Stored data entries
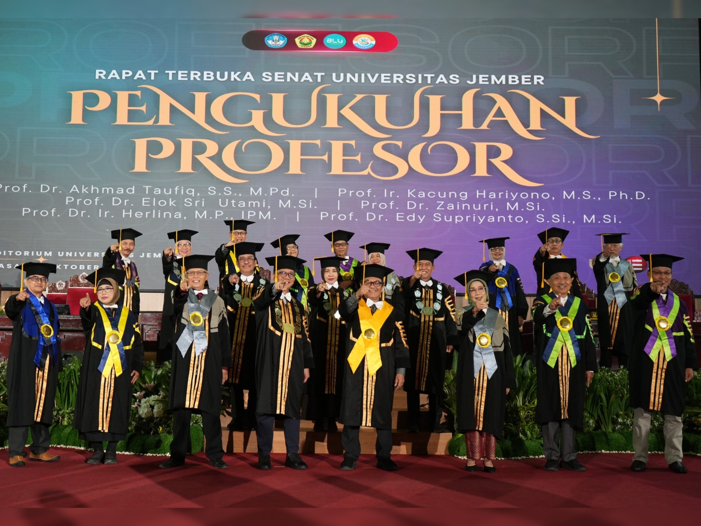 Jember, 21 Oktober 2025 Menjelang dies natalis-nya yang ke 61, Universitas Jember (UNEJ) mendapatkan tambahan enam guru besar baru. Mereka adalah Prof. Dr. Akhmad Taufik, S.S., M.Pd. Guru besar bidang Sastra dan Pembelajarannya, Program Studi Pendidikan Bahasa dan Sastra Indonesia FKIP. Prof. Ir. Kacung Hariyono, M.S., Ph.D. Guru besar bidang Pelestarian Genetik Tanaman, Program Studi...Read More
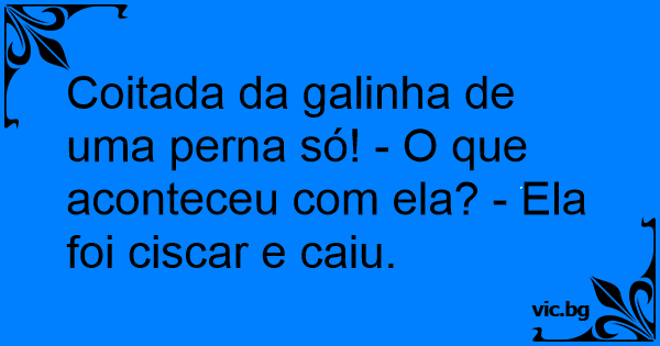 Coitada da gаlinhа de uma perna só! - O que aconteceu com ela? - Ela foi ciscar e caiu.
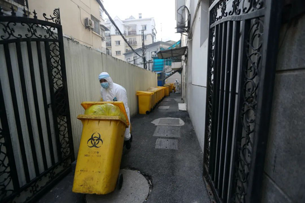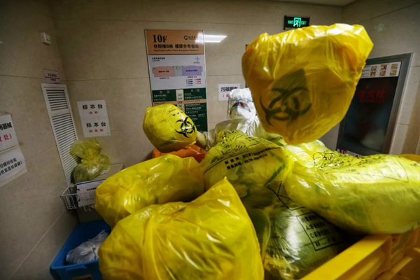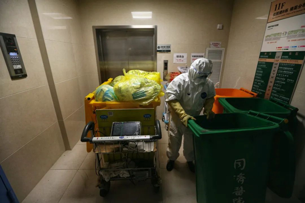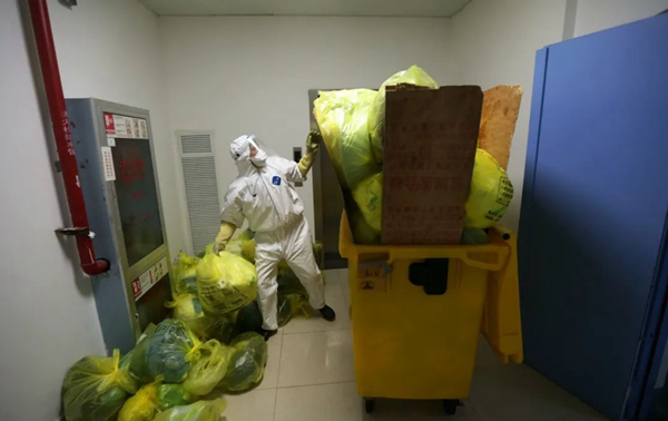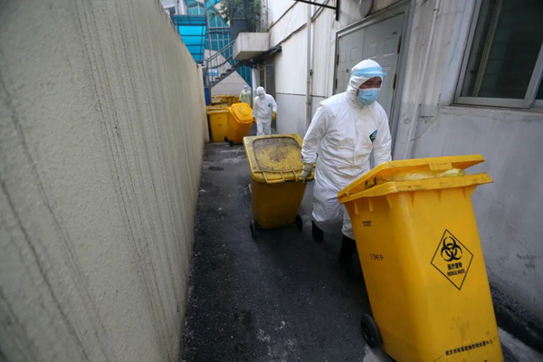 但是醫(yī)療廢棄物產(chǎn)生的速度實在太快,一線醫(yī)務(wù)工作者用完的防護(hù)服、口罩、鞋套……病人的生活垃圾,病人的餐余垃圾,病人的嘔吐物等等感染性廢棄物都要快速處理,醫(yī)療廢棄物產(chǎn)生的速度已超過了后勤部門正常的處理速度。周師傅介紹稱,ICU中的保潔員會將感染性醫(yī)療廢棄物集中放在指定處理間的黃色垃圾桶中,然后他們有四位師傅每天早上六點到下午五點會在整個院區(qū)不停地轉(zhuǎn)運黃色垃圾桶,然后還會安排專人值班,晚上只要接到院內(nèi)科室電話就會趕過去把黃色垃圾桶運出來,他們已經(jīng)保證24小時隨時有人在崗負(fù)責(zé)處理醫(yī)療廢棄物了,“我們不拼命不行啊,這是人命關(guān)天的事。”周師傅稱。
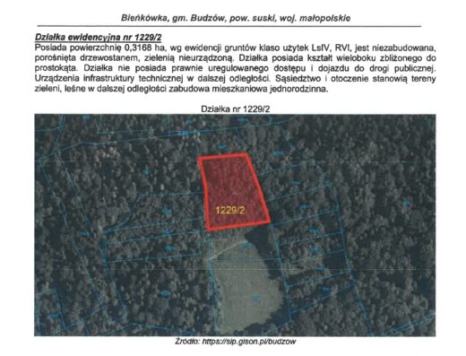 Przedmiotem sprzedaży jest udział w prawie własności nieruchomości gruntowej niezabudowanej położonej w miejscowości Kościelisko ul. Pod Blachówką (gmina Kościelisko, powiat tatrzański, województwo małopolskie).
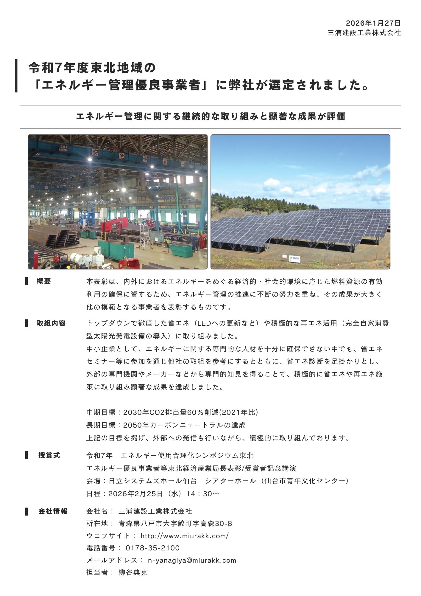 令和7年度東北地域の「エネルギー管理優良事業者」に弊社が選定されました。
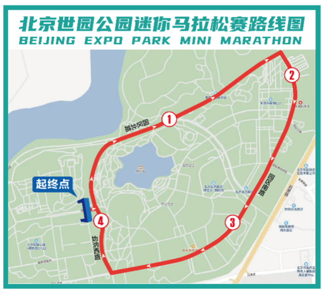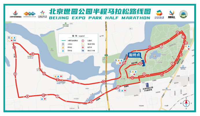 北京世园公园,即北京世园会园区,位于延庆妫水河畔,风光秀丽,集自然风景、园林花卉、各式风格的展览馆和民族展览园区于一身,是延庆跑步圣地。本次比赛,结合了北京世园公园的园区道路和百康路、滨河南路等社会道路,赛道平坦宽阔、景色优美。
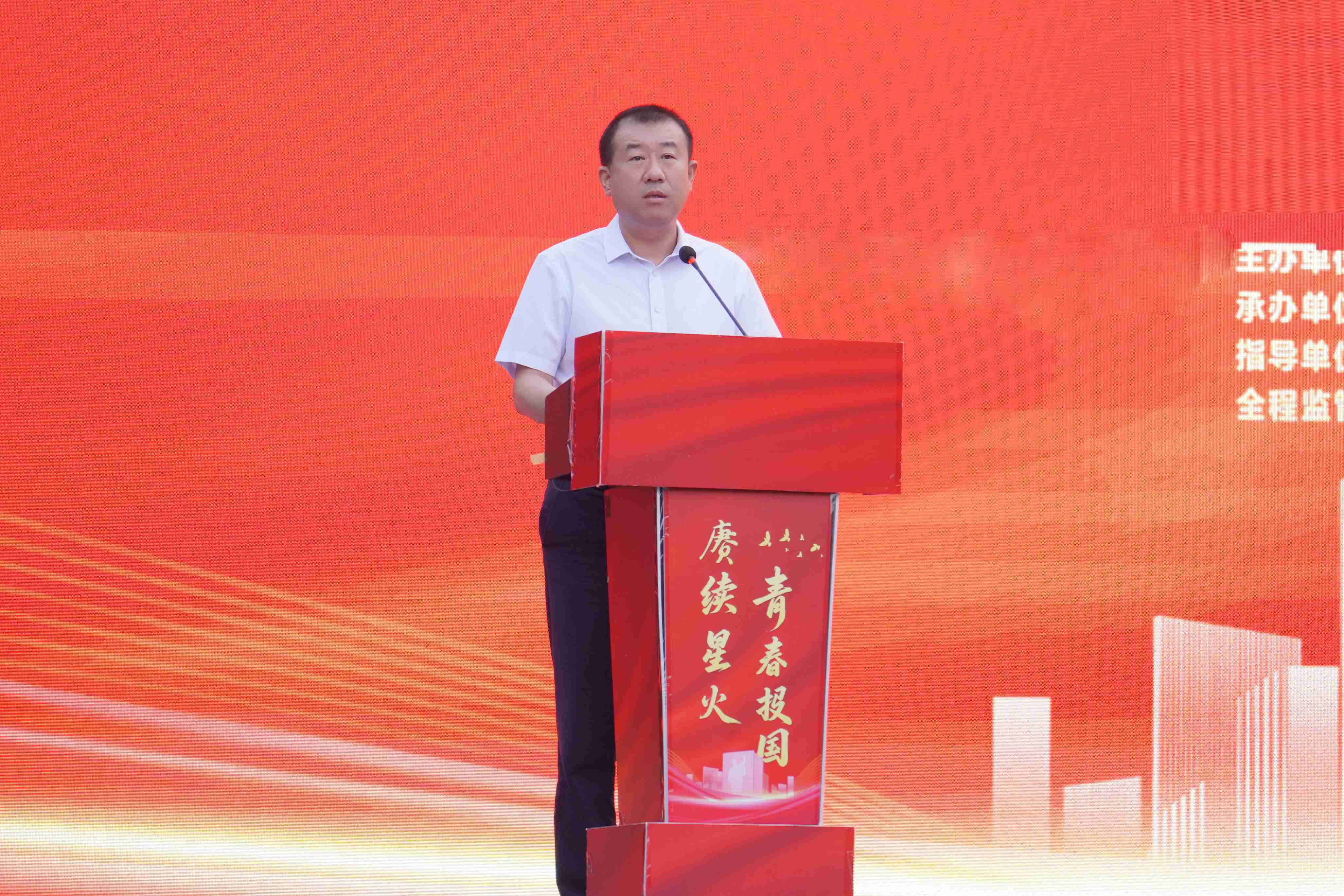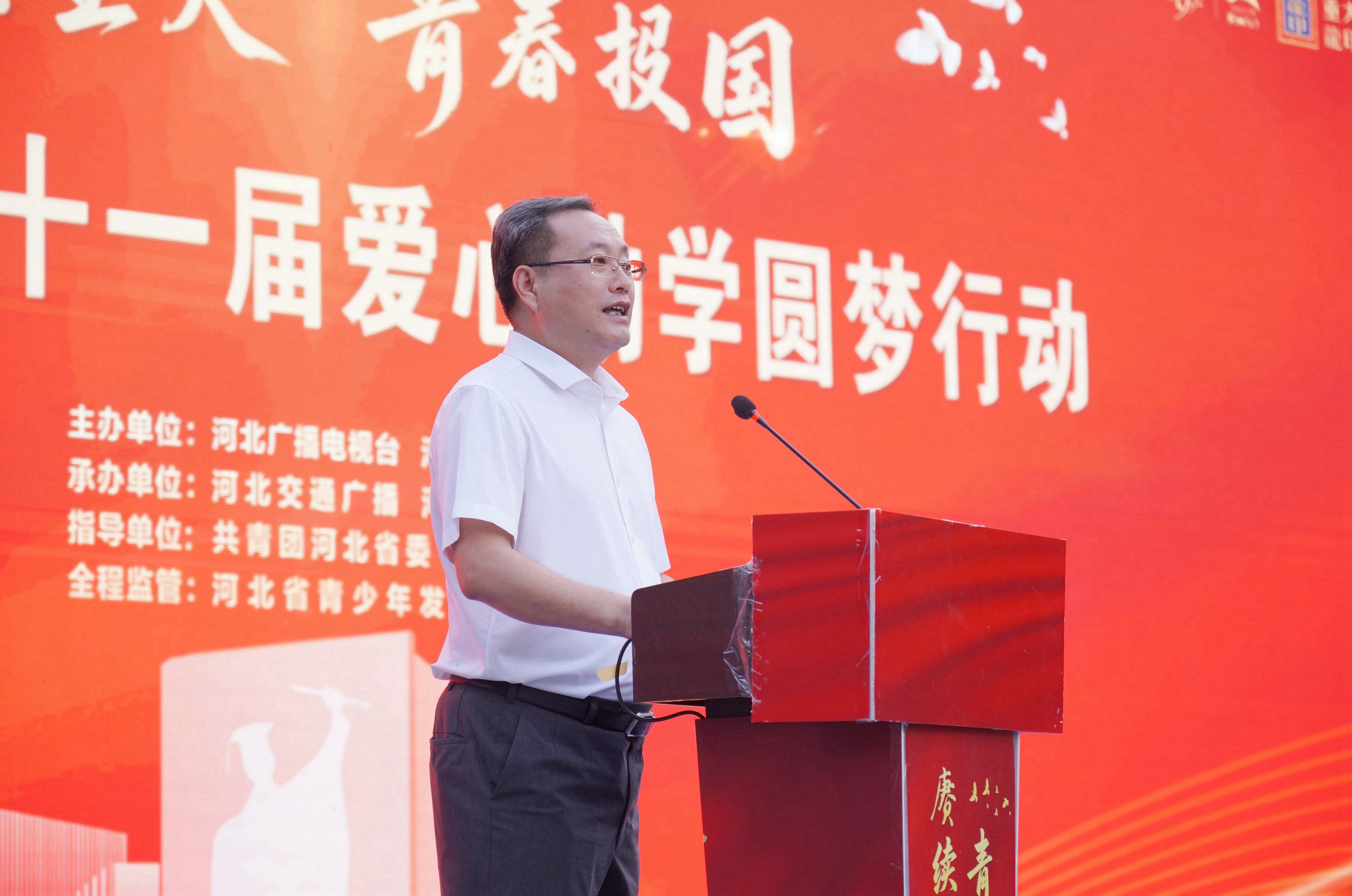 河北廣播電視臺副總編輯邊宇峰致辭,邊宇峰講到:“作為主流媒體、責任擔當,河北廣播電視臺始終與時代同行,與人民同向。值此抗戰勝利八十周年,我們賦予本屆活動深沉的主題——‘賡續星火青春報國’這不僅是一次助學行動,更旨在為學子注入時代精神與國際視野,將個人理想熔鑄于民族復興的壯闊征程。讓我們攜手并肩,讓助學‘星火’代代相傳,照亮青春夢想,共繪時代華章!”
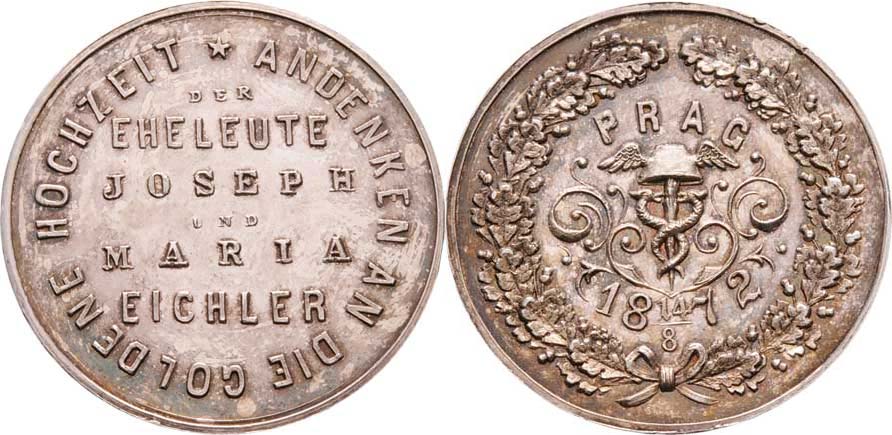 Josef a Marie Eichlerovi - zlatá svatba 14.8.1872 - Merkurova hůl a čapka, dub.věnec, něm.opis/ něm.nápis a opis, Nesign., Ag 29mm, 10.398g, nep.zvl., nep.hr.
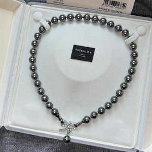 S家真多麻银灰色珍珠项链女法式毛衣链配饰蝴蝶结吊坠高级感颈链

### What to produce
Needed here is only the span from the line with "北京世园公园,即北京世园会园" through the last line of the entries, copied exactly with both ends and without pictures.

### Solution to this problem
 北京世园公园,即北京世园会园区,位于延庆妫水河畔,风光秀丽,集自然风景、园林花卉、各式风格的展览馆和民族展览园区于一身,是延庆跑步圣地。本次比赛,结合了北京世园公园的园区道路和百康路、滨河南路等社会道路,赛道平坦宽阔、景色优美。
 河北廣播電視臺副總編輯邊宇峰致辭,邊宇峰講到:“作為主流媒體、責任擔當,河北廣播電視臺始終與時代同行,與人民同向。值此抗戰勝利八十周年,我們賦予本屆活動深沉的主題——‘賡續星火青春報國’這不僅是一次助學行動,更旨在為學子注入時代精神與國際視野,將個人理想熔鑄于民族復興的壯闊征程。讓我們攜手并肩,讓助學‘星火’代代相傳,照亮青春夢想,共繪時代華章!”
 Josef a Marie Eichlerovi - zlatá svatba 14.8.1872 - Merkurova hůl a čapka, dub.věnec, něm.opis/ něm.nápis a opis, Nesign., Ag 29mm, 10.398g, nep.zvl., nep.hr.
 S家真多麻银灰色珍珠项链女法式毛衣链配饰蝴蝶结吊坠高级感颈链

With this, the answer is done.